Here, we show that protein leakage can affect protein quantification in mammalian cells frozen prior to sample preparation. We demonstrate that cells affected by protein leakage can be identified and excluded from analysis by using cell permeability staining or less directly by using a computational model that we develop and make available as part of an open source R package available at: https://github.com/SlavovLab/QuantQC.

Results

We chose to work with primary tissue, mouse tracheal epithelium, to characterize the effect on diverse cell types. After dissociation using an enzyme cocktail as previously reported¹⁵, half of the cells were slowly frozen to –80C in 10% Dimethyl sulfoxide (DMSO) and 90% Fetal Bovine Serum (FBS) and prepared later, and the other half were immediately prepared fresh for single-cell proteomic analysis. Using nPOP with TMTpro 35-plex multiplexing, we prepared a total of 2784 single cells, 928 fresh and 1856 frozen. Samples were analyzed using the prioritized data acquisition (pSCoPE)⁶ at a rate of 1018 cells/day and average depth of 712 proteins quantified per cell. Summary reports of all data can be found in Supplementary Data 1 (frozen cells) and Supplementary Data 2 (fresh cells). Prior to cell isolation, the cells were stained with Sytox green to identify cells with compromised membrane permeability. We recorded the stain intensity of each cell and linked these measurements with downstream single-cell data using QuantQC (Fig. 1a). The distribution of Sytox green intensities across all single cells is bimodal, and the cells from the mode at 0 intensity were characterized as intact while the cells from the other mode as permeable (Fig. 1a). Further, the distribution of cell sizes from the two modes were indistinguishable within a cell type, suggesting that intensity difference is not due to cell size difference (Supplementary Fig. 1a). The Sytox green negative cells were 96% for fresh and 72% for frozen ones. The large increase in permeability for club cells may reflect their more fragile state, which has been noted in attempts to culture these cells¹⁶.

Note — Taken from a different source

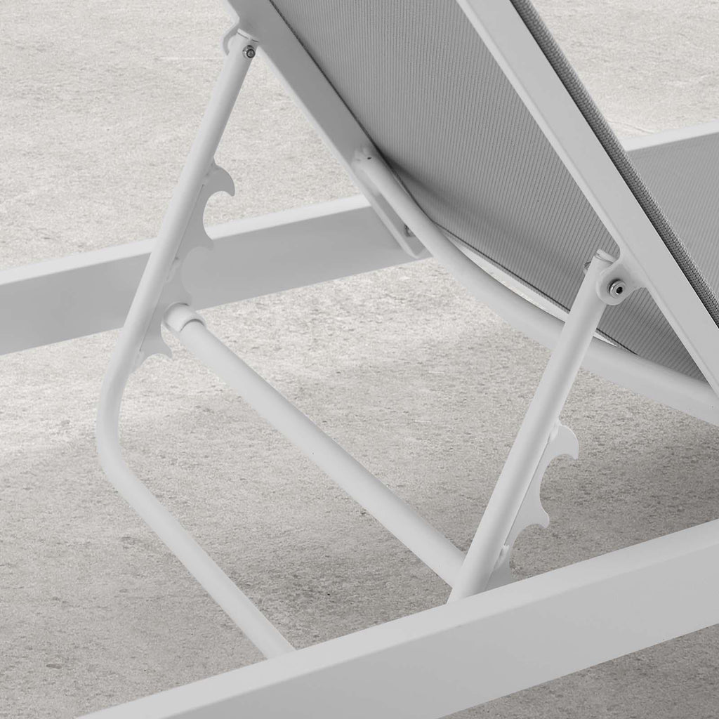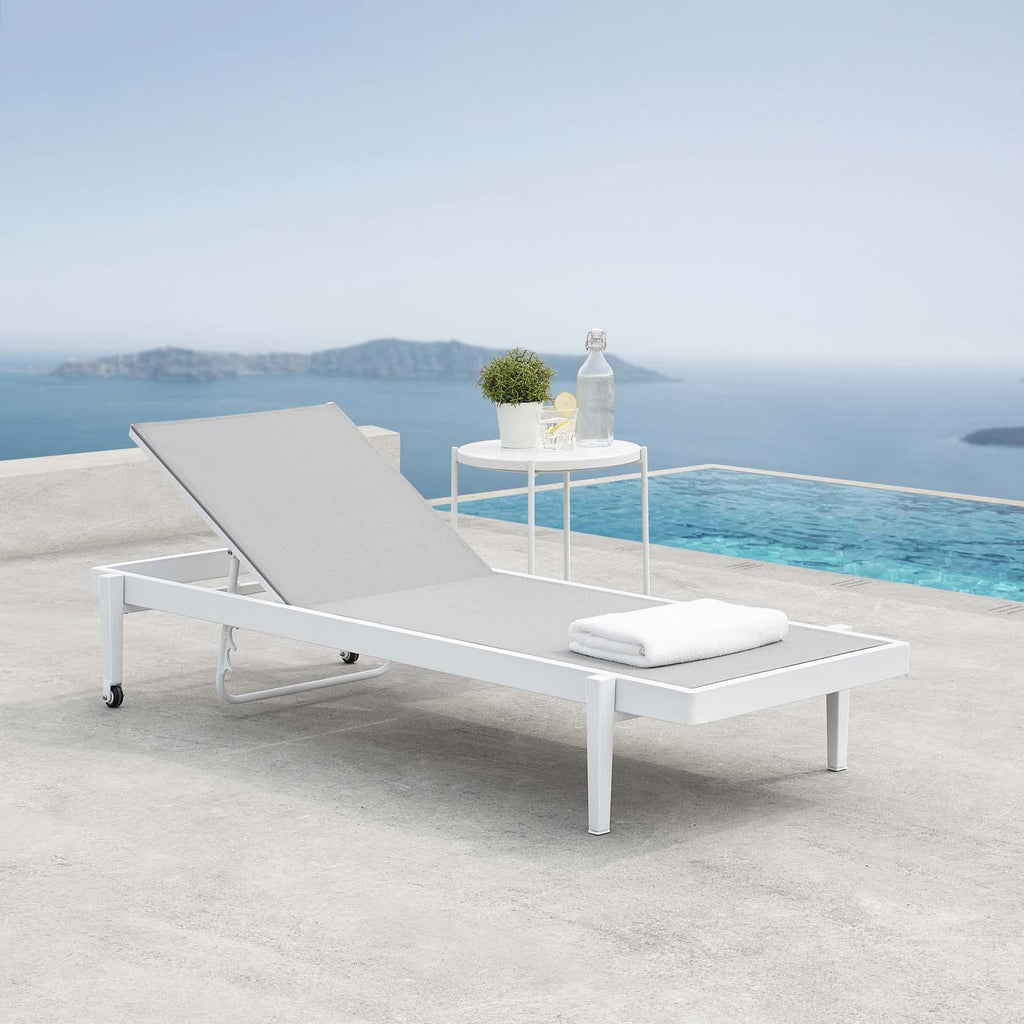 Streamline the style of your outdoor decor with the Charleston Outdoor Patio Aluminum Chaise Lounge Chair. Charleston Patio Lounge Chair has sleek minimalist lines that mix and match with a variety of patio furniture. Height adjustable with three levels, this patio chaise chair personalizes to your needs with ease. Rolling dual wheels allow for effortless custom positioning on your patio, poolside, backyard, deck, or other outdoor seating area. The solidly constructed powder-coated aluminum frame supports up to 341 lbs. All-weather Textilene mesh fabric provides durable support with easy-to-clean usage and allows natural airflow during relaxation.

**Fig. 1: Quantifying protein leakage artifacts.**

We then assigned cell types by using the LIGER¹⁷ algorithm to perform label transfer from a previously annotated single-cell mRNA data set^15,17. The correspondence to the single-cell mRNA data set was lower in frozen samples compared to the fresh. This was observed by reduced agreement in covariance patterns between shared genes¹⁸ (Supplementary Fig. 1b). We also observed co-clustering of permeabilized cells in the frozen sample (Fig. 1b). We did not observe a separate permeable cell cluster in the fresh samples, which may have been due to the low number of permeable cells (Fig. 1b). Despite the lower confidence in integration score and co-clustering of permeabilized cells, we were still able to confidently assign cell types in the frozen condition based on the abundance of marker proteins for each cell type (Supplementary Fig. 1c–f). The proportion of permeable cells was unevenly distributed across cell types (Fig. 1c). This may reflect both the increased fragility of the more significantly affected cell types and the methods used for single-cell dissociation.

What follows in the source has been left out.